Anxiolytic-like effect of neuropeptide S in the rat defensive burying

Abstract

Neuropeptide S (NPS) has been recently identified as the endogenous ligand of a previously orphan G-protein-coupled receptor now named NPSR. Both NPS and its receptor are expressed in the brain, where they modulate different functions. In particular, it has been demonstrated that intracerebroventricular (i.c.v.) injection of NPS in rodents increases wakefulness and promotes anxiolytic-like effects. In the present study we used the defensive burying (DB) test in rats to further investigate the action of human NPS (0.1–10 nmol, i.c.v.) on anxiety-related behaviors. Diazepam (1.5 mg/kg, i.p.) and caffeine (20 mg/kg, i.p.) were used in parallel experiments as standard anxiolytic and anxiogenic drugs, respectively. None of the tested drugs produced statistical differences in the latency to contact the probe, burying behavior latency, number of shocks received or immobility/freezing duration. Caffeine increased cumulative burying behavior and the buried bedding height in a statistically significant manner thus promoting anxiogenic like effects. Opposite results were obtained with diazepam that significantly reduced these behavioral parameters. The anxiolytic-like action of diazepam was mimicked by NPS that reduced cumulative burying behavior in a dose dependent manner. Collectively, robust anxiolytic-like effects were recorded in response to NPS in the DB test. These results are of particular interest since the outcome of this assay is marginally influenced by drug effects on locomotor activity. In conclusion, we provide further evidence that NPS evokes genuine anxiolytic-like effects in the rat; therefore NPSR selective agonists are worthy of development as innovative drugs for the treatment of anxiety disorders.

Introduction

Neuropeptide S (NPS) is a newly identified peptide transmitter that is involved in the regulation of anxiety and wakefulness [33]. Reverse pharmacology studies led to the identification of NPS as the endogenous ligand of the NPS receptor (NPSR), a former orphan G-protein-coupled receptor [33]. NPS has strong sequence conservation across mammalian species [22] and is named after a highly conserved N-terminal serine at position 1. As an agonist of NPSR, NPS produces an increase in free intracellular calcium and cyclic adenosine mono-phosphate accumulation [13], [33] indicating a coupling with both Gq and Gs proteins [21].

NPSR is widely expressed throughout the nervous system: highest levels of the receptor are found in cortex, thalamus, hypothalamus and amygdala and low levels in the brainstem while the NPS precursor mRNA is expressed strongly in a few brain areas including the locus coeruleus (LC) area, the principle sensory trigeminal nucleus and the lateral parabrachial nucleus of the brainstem [33], [32].

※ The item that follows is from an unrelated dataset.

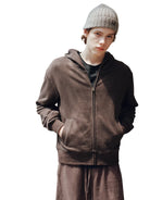 VLABMADE Retro Heathered Zip-Up Hoodie with Relaxed Fit
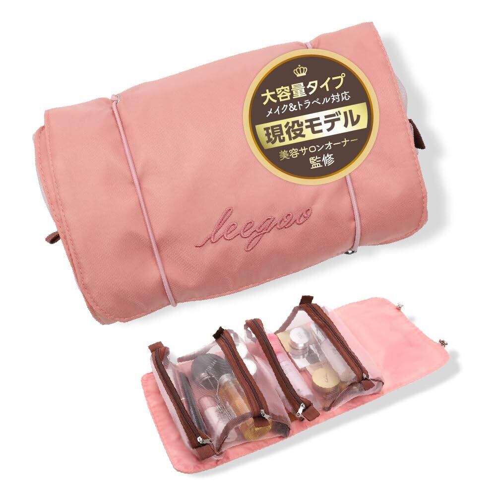 メイクポーチ トラベルポーチ 化粧ポーチ コスメポーチ 大容量 便利グッズ 旅行 防水 折りたたみ 吊り下げ 化粧品バッグ 収納バッグ (ピンク)

This pattern of expression may be consistent with a role for NPS in arousal, regulation of food intake and anxiety [3], [27], [33]. NPS appears to induce behavioral activation and induce wakefulness, but at the same time, produces an anxiolytic-like effect, a paradox shared also by nicotine [16]. This suggests that arousal and stress are not always closely linked indicating that diverse sets of responses may be involved and different neurotransmitter systems implicated in these conditions [12]. NPS was repeatedly shown to produce anxiolytic-like effects in mice exposed to several different anxiety-predictive paradigms and increase locomotor activity [33], [23], [18].

Indeed, centrally administered NPS could produce an anxiolytic-like profile that was independent of the motor-activating effects of the peptide [33]. Since hyperlocomotion may be associated to emotional consequences, particularly in stressful conditions, the present study was designed to investigate the effect of NPS with the aim of minimizing its possible confounding effect on locomotion. For this purpose, we chose the rat defensive burying (DB) test. This assay measures fear-like responses of composite nature, generated by exposure to stressful environmental conditions and is established for its sensitivity to conventional anxiolytic tranquilizers and anxiogenic compounds [11].

The DB test had been previously validated [30], under the present experimental conditions, with prototypical anxiolytic (i.e. diazepam) and anxiogenic (i.e. caffeine) compounds on the basis of dose-response curves in anxiety tests [15], [14] and controlled for effects on sensorimotor function (results not shown). In the current experiments, the timing scheduled in this behavioral assay in the rat was assessed using the highest dose of NPS (10 nmol/rat) in preliminary time-effect experiments on the basis of personal and other groups’ [27] observations. The effects elicited by NPS were compared to those evoked, under the same experimental conditions, by the aforementioned reference stimulant and anxiolytic drugs, caffeine (20 mg/kg, i.p.) and diazepam (1.5 mg/kg, i.p.).

Our hypothesis was to demonstrate a clear cut anxiolytic effect of NPS using the rat defensive burying test, an assay that is marginally affected by locomotor changes.